Socially Disadvantaged Farmer or Rancher: A group whose members have been subject to racial, ethnic, or gender prejudice because of their identity as members of a group without regard to their individual qualities. These groups consist of American Indians or Alaskan Natives, Asians, Blacks or African Americans, Native Hawaiians or other Pacific Islanders, Hispanics, and women. https://www.fsa.usda.gov/
Stewardship: Care for and conservation of the natural resources - water, soil, native plant communities, etc. - on lands where farming and ranching takes place.

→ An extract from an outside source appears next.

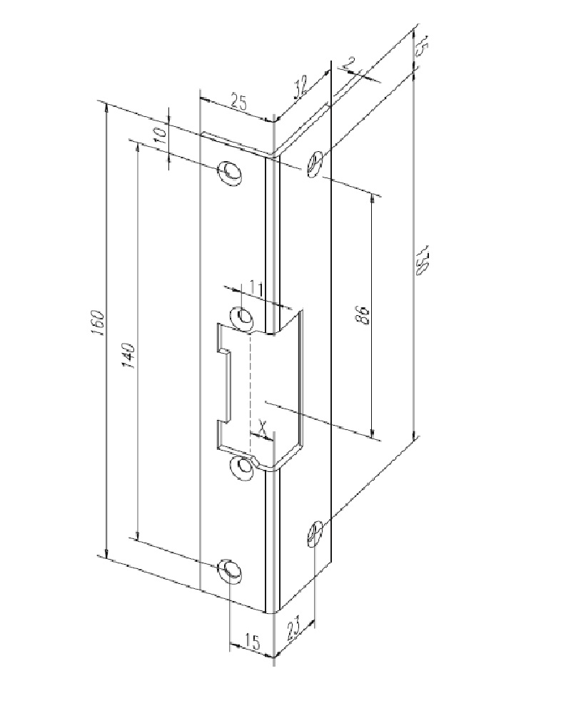 - Розміри (Висота х Ширина х Глибина х Товщина), мм: 160 х 25 х 32 х 2

Sustainable Agriculture: The is no one approach to sustainable agriculture. In general sustainable agriculture describes approaches to farming that are socially just, humane, economically viable, and environmentally sound. Practices that promote diversity, build healthy soils, protect riparian waterways, recycle on farm inputs and bring farmers the opportunity to set their own prices promote sustainability. To learn more visit https://www.sare.org/resources/what-is-sustainable-agriculture/
Truck Farm: An older term that refers to farms producing fruits and vegetables produced on farms that generally have 10-100 acres in production. Often sell through a variety of direct, intermediated and wholesale markets.
LIVESTOCK PRODUCTION TERMS
Free-Range: Can be used on any poultry or meat product. To obtain USDA's Labeling Program and Delivery Division's approval for labels claiming "free-range" producers must provide a description of housing conditions that show there is free access to the out-of-doors for 51% of the animal's life. This term is not a certification with independent oversight and verification of practices. As a result, farm conditions vary widely across producers.
Grain-Finished: Cattle spend part of their lives eating grass and forage in pastures and then are transitioned to a grain-based diet for several months to finish growing. Finishing on a grain-based diet may happen on-farm or in a feedyard. Generally, it takes longer to finish cattle on grass than on grain.
Grass-Fed: The diet of grass-fed animals consists entirely of freshly grazed pasture during the growing season and stored grasses (hay or grass silage) during the winter months or drought conditions. Grass feeding is used with cattle, sheep, goats, and bison.
Heritage-Bred: A term applied to traditional breeds of livestock that were bred over time to be well-adapted to local environmental conditions, withstand disease, and survive in harsh environmental conditions. Heritage breeds generally have slow growth rates and long productive lifespans outdoors, making them well-suited for grazing and pasturing.
Humane/Humanely-Raised: If an animal product is labeled “humane,” it implies that the animals were treated with compassion. Not all “Humane” claims are regulated or verified by a third party.
All Natural/Naturally Grown: USDA guidelines state that all fresh meat qualify as natural. Product labeled as "natural" meat and poultry can only undergo minimal processing and cannot contain artificial ingredients or added colors. The label must include a statement explaining the meaning of the term natural (such as no artificial colors, minimally processed). The claim “natural” is otherwise unregulated.
Pasture-Raised: A claim asserting animals (meat, dairy, poultry, eggs) were raised, at least some portion of their lives, on grass grown in a pasture. USDA approval for labels bearing the claims "pasture raised," "pasture grown," "free-roaming" and "meadow-raised" require producers meet the USDA requirements for "free-range" as well as livestock from which the products are derived had continuous, free access to the out-of-doors for a significant portion of their lives. According to USDA, feedlot-raised livestock or any livestock that were confined and fed for any portion of their lives cannot use these terms. These terms lack clear standards and are not a certification with independent oversight and verification of practices. As a result, farm conditions vary widely across producers.